[Activity] Look below for the line with "榉木实木床现代简约1.5米主卧双人床高端大气1.2米小户型单人床架" and the line with "modernist interior shot". Copy exactly those two lines and every line between, but not the pictures.

[Records for this task]
▬▬▬▬▬▬

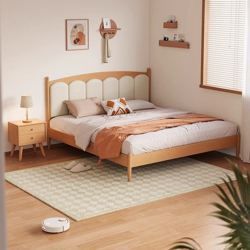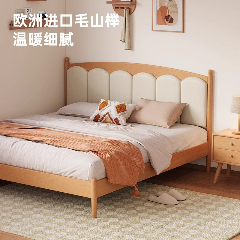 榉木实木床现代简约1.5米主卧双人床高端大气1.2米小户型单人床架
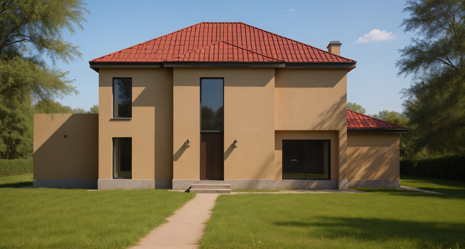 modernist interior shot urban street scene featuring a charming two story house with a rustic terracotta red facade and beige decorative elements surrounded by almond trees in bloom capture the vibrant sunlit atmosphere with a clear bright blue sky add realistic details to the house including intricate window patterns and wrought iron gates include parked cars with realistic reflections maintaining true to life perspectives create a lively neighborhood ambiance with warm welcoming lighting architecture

▬▬▬▬▬▬

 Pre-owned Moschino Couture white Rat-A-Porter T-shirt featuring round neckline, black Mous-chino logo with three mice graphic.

▬▬▬▬▬▬

[Result]
 榉木实木床现代简约1.5米主卧双人床高端大气1.2米小户型单人床架
 modernist interior shot urban street scene featuring a charming two story house with a rustic terracotta red facade and beige decorative elements surrounded by almond trees in bloom capture the vibrant sunlit atmosphere with a clear bright blue sky add realistic details to the house including intricate window patterns and wrought iron gates include parked cars with realistic reflections maintaining true to life perspectives create a lively neighborhood ambiance with warm welcoming lighting architecture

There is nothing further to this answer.